Threaded fasteners set and hold tolerances on assemblies ranging from light duty equipment to heavy machinery. In many cases fasteners that self-loosen during equipment operation may contribute to wear and fatigue, and result in poor operating tolerances, misalignment, and sometimes catastrophic equipment failures that cost millions of dollars in unscheduled downtime each year. Various types of differential stresses such as vibration and shock, thermal expansion and contraction, and micro-movement reduce clamping force on the assembly and ultimately cause machine failure. Case after case, anaerobic threadlocking adhesive technology has proven to be more reliable and cost efficient to prevent the loosening of threaded fasteners and leakage in a variety of applications versus mechanical fasteners such as spring washers, wire retainers and nylock nuts.

Liquid threadlockers have become one of the most reliable and inexpensive ways to ensure that a threaded assembly will remain locked and leak proof for its entire service life. Applied drop-wise to fastener threads, liquid anaerobic adhesives fill the grooves of the threads and cure to a hard thermo-set plastic when exposed to active metal ions in the absence of air. Anaerobic adhesives lock the threaded parts together, ensuring that mating parts will ultimately act as one conjoined part that resists failure and delivers the greatest possible reliability.

Mechanical devices such as spring washers, wire retainers and nylock nuts are costly and are ineffective in preventing loosening of threaded fasteners caused by side sliding motion. They also do not seal or prevent corrosion within the fastener assembly and must be sized appropriately for the specific fastener, resulting in large and costly parts inventories.

Most assemblies held together by threaded fasteners will at some time be dismantled for repairs, maintenance or adjustment. For this purpose, industrial anaerobic adhesives are available in differing grades: low strength threadlockers for easy removal, medium strength threadlockers that can be removed using common hand tools and high strength or "permanent" threadlockers suitable for very demanding assemblies with minimal service requirements. Even the high strength threadlockers can be removed with standard hand tools following direct exposure to 232 - 260°C (450-500°F) high temperatures for about five minutes.

Using Anaerobic Adhesives Reduce Cost and Increase Reliability for Industries

Several case studies from various industries manufacturing and maintenance applications show that anaerobic threadlocking adhesives increase the reliability of threaded fasteners and reduce the cost associated with downtime and unscheduled callbacks.

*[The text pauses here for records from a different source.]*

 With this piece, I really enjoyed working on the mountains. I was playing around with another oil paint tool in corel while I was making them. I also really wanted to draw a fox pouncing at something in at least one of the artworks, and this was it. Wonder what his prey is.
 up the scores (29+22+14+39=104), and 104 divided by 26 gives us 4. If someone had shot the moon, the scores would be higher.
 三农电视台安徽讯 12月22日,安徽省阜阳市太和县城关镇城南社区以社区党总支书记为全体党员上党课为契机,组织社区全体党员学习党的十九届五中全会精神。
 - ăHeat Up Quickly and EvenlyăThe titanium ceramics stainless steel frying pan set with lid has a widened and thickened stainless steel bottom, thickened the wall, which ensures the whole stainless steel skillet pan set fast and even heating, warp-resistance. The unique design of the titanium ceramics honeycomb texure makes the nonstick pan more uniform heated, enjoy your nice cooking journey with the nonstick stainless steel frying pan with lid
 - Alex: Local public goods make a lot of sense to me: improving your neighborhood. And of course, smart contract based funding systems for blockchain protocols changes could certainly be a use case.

In one case study with hydropulpers - machines designed to agitate a mixture of paper pulp and water to prevent dewatering until this mix can be used in the papermaking process extreme vibration incurred by the machine resulted in problems with keeping the mounting bolts for the gearbox tight. Even with proper torquing procedures, the bolts needed to be retightened every two weeks - requiring additional labor costs and downtime. Unplanned loosening caused misalignment problems and equipment failure resulting in severe productivity loss and maintenance costs. Once anaerobic thread locking adhesives were introduced to all the mounting studs and nuts during a recent downtime, loose bolts were no longer causing problems and held the hydropulper gearbox tight until the next scheduled annual preventive maintenance.

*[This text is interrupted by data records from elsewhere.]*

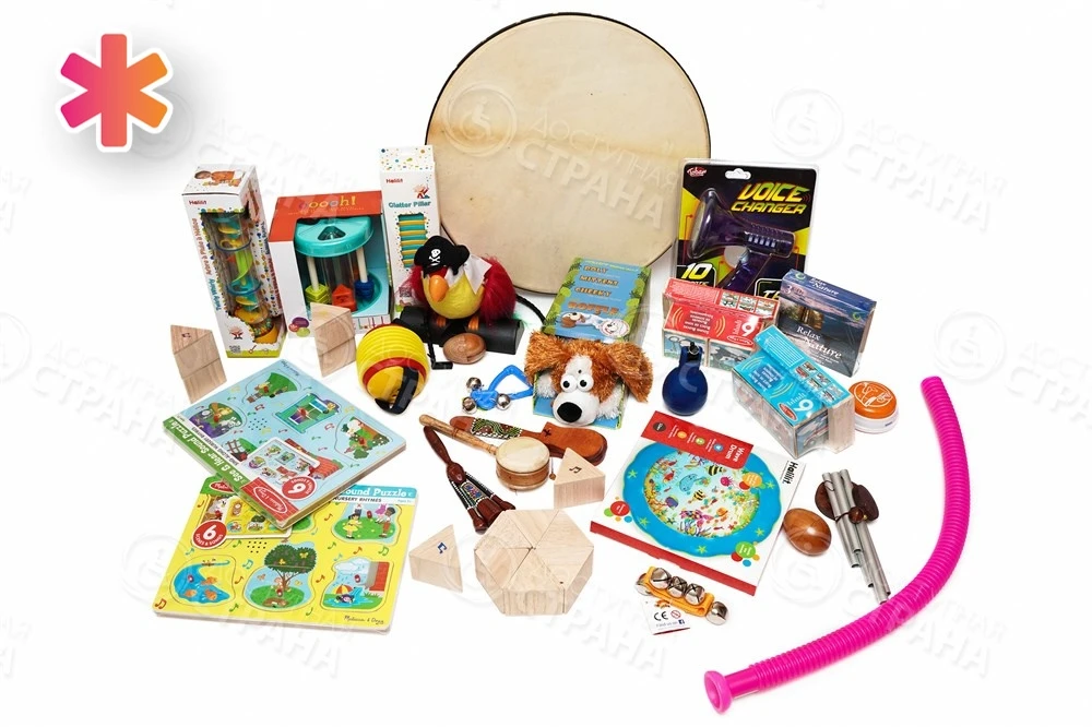 Набор для слухоречевого восприятия для детей с особенностями развития. В комплект входят игрушки со звуковыми эффектами и музыкальными инструментами.
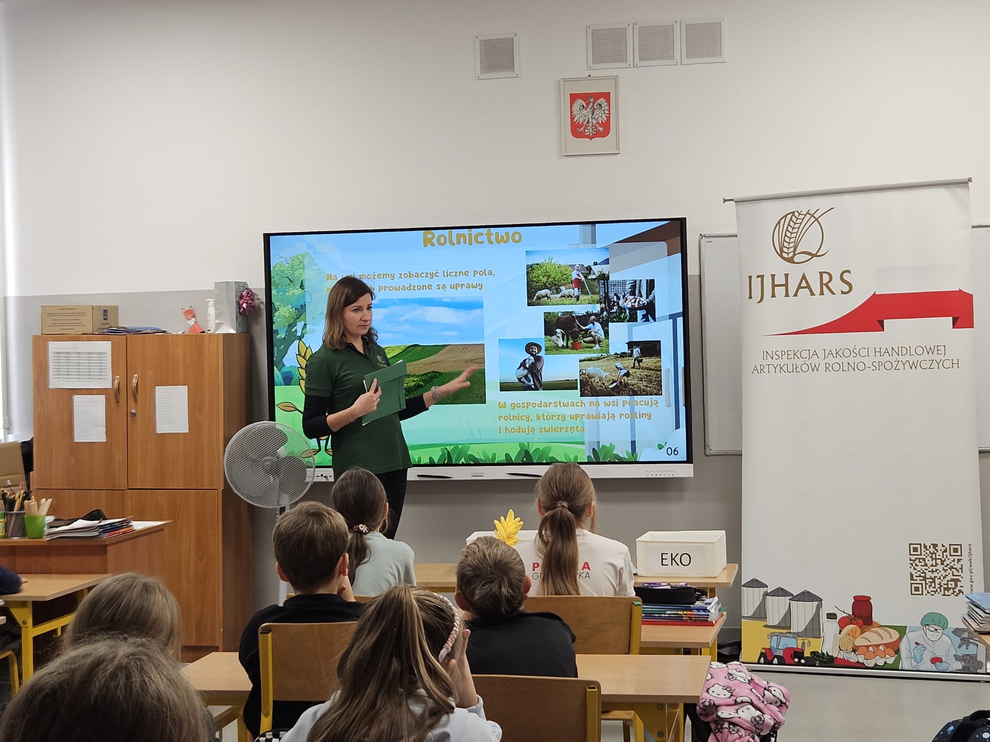26 listopada 2025 r. Inspektorki IJHARS odwiedziły Szkołę Podstawową nr 51 w Szczecinie przy ul. Jodłowej 21, aby poprowadzić wyjątkową lekcję dla uczniów klasy 3d. Tematem spotkania były podstawowe zagadnienia z zakresu rolnictwa ekologicznego oraz znaczenia codziennych wyborów dla środowiska.
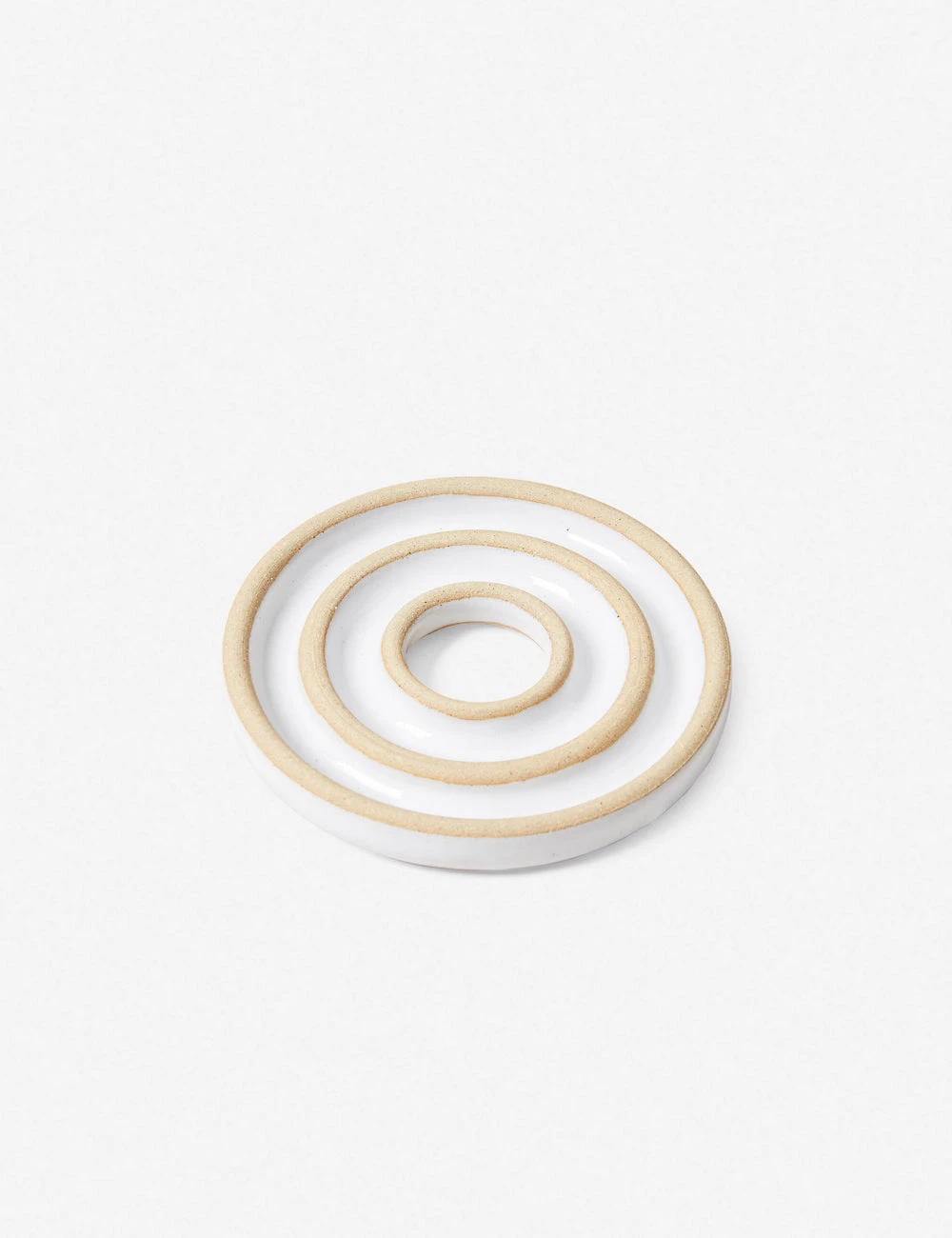 Vermont-based studio Farmhouse Pottery creates handcrafted accents and table essentials with rustic charm. This stoneware trivet is perfect for protecting your counter or tabletop when serving up hearty cuisine and soups. A partial glaze highlights the bullseye pattern for a stylish edge to match its sturdy design.
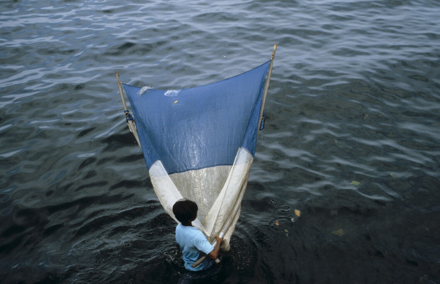 Man fishing with a net in the harbour
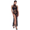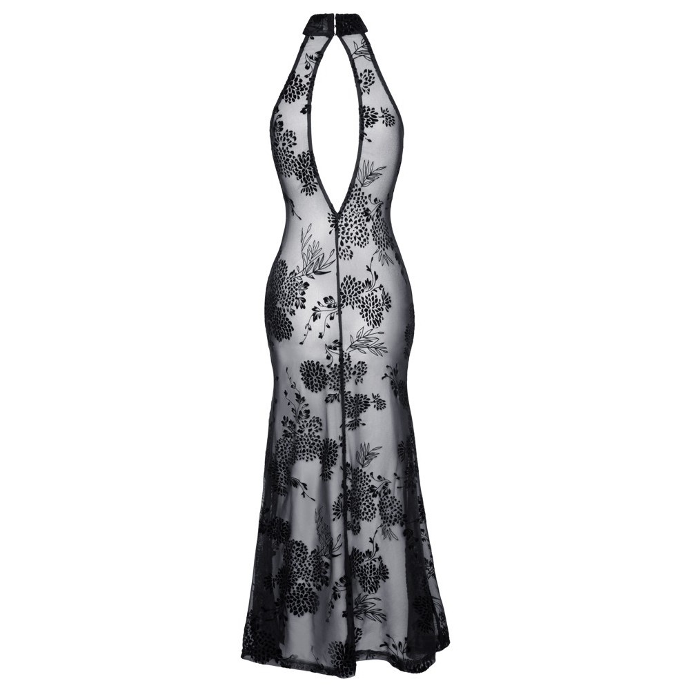 Vestido largo sin mangas de Noir, confeccionado íntegramente en powernet elástico, cubierto por un delicado estampado en terciopelo flocado con motivos florales. El modelo es ajustado, con una abertura alta en la pierna delantera, cuello alto cerrado con un botón en la espalda y un elegante corte ovalado en la espalda.
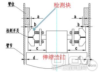 1、增大检测感应装置空间:优化伸缩油缸结构,使尺寸c增大4mm;

In another case, a pump manufacturer had problems with gland studs and adjustment nuts that either broke during assembly or loosened during adjustment. Gland studs were made to Class 5 interference fit tolerance of 0.0254 - 0.213mm (0.001" to 0.0084") To achieve this, special oversized studs with 0.0762mm (0.003") tolerance pitch diameter were used with a Class 2 tapped hole. Stud drivers were used with a capability of driving M12 (½") studs up to 111.6 kg/m (75 lbs/ft) and M20 (¾") studs up to 282.7 kg/m (190 lbs/ft). Any deviation from tolerance resulted either in broken studs during assembly or loosened studs during gland adjustment with the retaining nut. If studs loosened, the whole pump needed to be disassembled for repair. The heavy interference fits caused high flange stresses which warped the end plates and gland box causing power loss, excess wear, and shortened pump life. The manufacture utilized threadlocking adhesives to solve this problem.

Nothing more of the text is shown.